From Joe DeFranco’s latest Q&A
As far as your question is concerned, here’s a recap of my explanation of a “positive shin angle”…
A positive shin angle is the angle of the shin that you should try to achieve when accelerating into your sprint. When you accelerate, you should have an incredible body lean (approximately 45-degrees in relation to the ground). When your upper body is in front of your lower body, you need your knee to be in front of your foot during each foot strike; this prevents overstriding & the creation of a “breaking force” with each step. If your foot lands out in front of your knee during acceleration, you will actually decelerate with each stride and slow yourself down (breaking force). Check out the picture of Randy Moss below. It gives a great visual of a positive shin angle.
Notice the angle of his left shin; when his foot strikes the ground, it will push BACK into the turf, which will propel him FORWARD. This is a great acceleration position to be in. The key to acceleration is to take the biggest steps possible, without overstriding. A positive shin angle enables you to accomplish this.
The fewest steps wins the race!
I have bolded the bit I found most intriguing and would appreciate comment on what he says.
I would agree with this comment. It is generally good practice to use long strides out of the blocks because the accleration will be greater due to longer contact times. change in momentum = force x time. Of course we only want the foot on the ground when it is applying force backwards, to propel us forwards, so the foot needs to be applying a backwards force at the moment of ground contact. Positive shin angle enforces this because it keeps the contact point (foot on the track) closer to BDC from the centre of mass. Obviously any force applied behind the centre of mass will propel the athlete forwards, including pure vertical force, which the actual force is close to at the intial moment at which ground contact occurs. Conversly vertical force ahead of BDC will push the athlete backwards. So as force is a vector so long as the angle of force relevant to the centre of mass is backwards, rather than forwards, all the time the foot is on the floor the force is aiding in acceleration so longer the better. As the athlete becomes more upright the centre of mass moves backwards and so does BDC to the foot stike is closer to being under the body but the rule of longer contact being better still applies even though in reality the time get shorter as the athlete improves, this is due the the increase in force. The range of motion covered by the leg with the foot on the ground is the same, just occuring in a shorter space of time.

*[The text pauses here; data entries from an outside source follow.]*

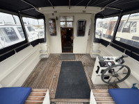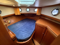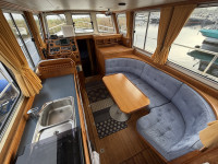 Diese robuste Pedro Donky 36 ist ein ebenso stabiles wie komfortables Boot. Dieses Modell mit offenem Cockpit ist seit vielen Jahren ein bewährter Erfolg im Pedro-Sortiment. An Bord finden Sie unter anderem einen Doppelsteuerstand, der das Segeln vom offenen Cockpit aus ermöglicht. Die Cockpitpersenning wurde kürzlich erneuert und ist daher in exzellentem Zustand. Dank der CE-Kategorie B ist das Boot sowohl für Binnengewässer als auch für offene Gewässer geeignet.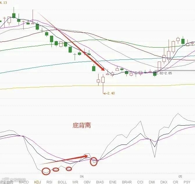 反过来,底背离就是股价还在创新低,但KDJ已经不再往下了,说明跌不动了,往往底部快到了。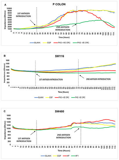 The ECIS array measures the increase in electrical impedance that directly corresponds to the increase in cell proliferation. The ECIS array contains gold electrodes at the bottom of the wells that are able to detect the growth of cells. As the cells proliferate and cover the electrode, the impedance increases until confluency is achieved. Briefly, CRC cells were seeded at a density of 50,000 cells per well in 400 µL of medium in 8 well plates with 10 gold electrodes (8W10E PET, Ibidi, Gräfelfing, Germany). The impedance was measured using the ECIS model Zθ (Z Theta) (Applied Biophysics, US, Troy, MI, USA). The cells were incubated for a period of 6 days at 37 °C with 5% CO2 with medium renewal at day 3 as well as antigen introduction at days 1 and 3.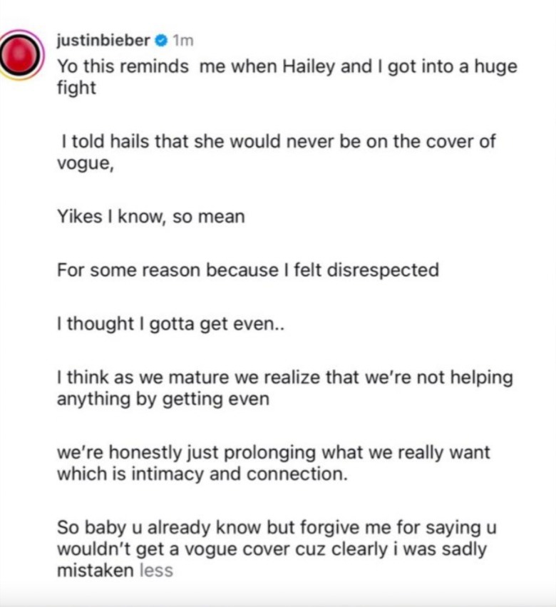 It's truly baffling the kinds of things celebrities openly admit to doing when literally no one asked. Hailey Bieber recently graced the cover of Vogue, and husband Justin Bieber decided to fall on his sword and admit he messed up — while also making his wife's achievements about him. The "Sorry" singer posted the cover to Instagram and has since edited his caption to just a string of emojis. But, screenshots are forever, and his original caption was much more cringey.

So, of all these, what would you say to your athlete?
Idealy nothing. I beleive that resistance running is the best way to enforce it because they can feel quite quickly the effects of increasing the ground contact (lets call it) range of motion. If you are purley addressing it from a technical point of view i think you can get away with using quite heavy sleds.
Heavier sled pulls will decrease stride length and fatigue the leg muscles prematurely, increasing stride rate. This will affect technique, how can this be considered a “TECHNICAL POINT”?
Yeah obviosuly the stride length will be shorter when towing but that is obvious, the velocity is slower, velocity x time in the air = stride length, but what is the problem with that? All i am concerned with is how long the foot is on the ground for, for each stride. Acceleration is so dependent on how long the force is applied that you need to get the most out of each stride in terms of how long you can apply useful force, the drill is aimed taking the athlete to the boundaries of effective range of motion during which the foot is applying force.
Does it really prematurly fatigue the muscles? Load is load, the time under load for each drill when towing will obviously be higher, so the volume is dropped, simple. But the athlete will adapt quicker towing than repetative analytical imporvements which may take weeks. Plus we could get into the difference between the concentric and eccentric elements between the two methods and we would probably find the fatigues is not so different as you would think.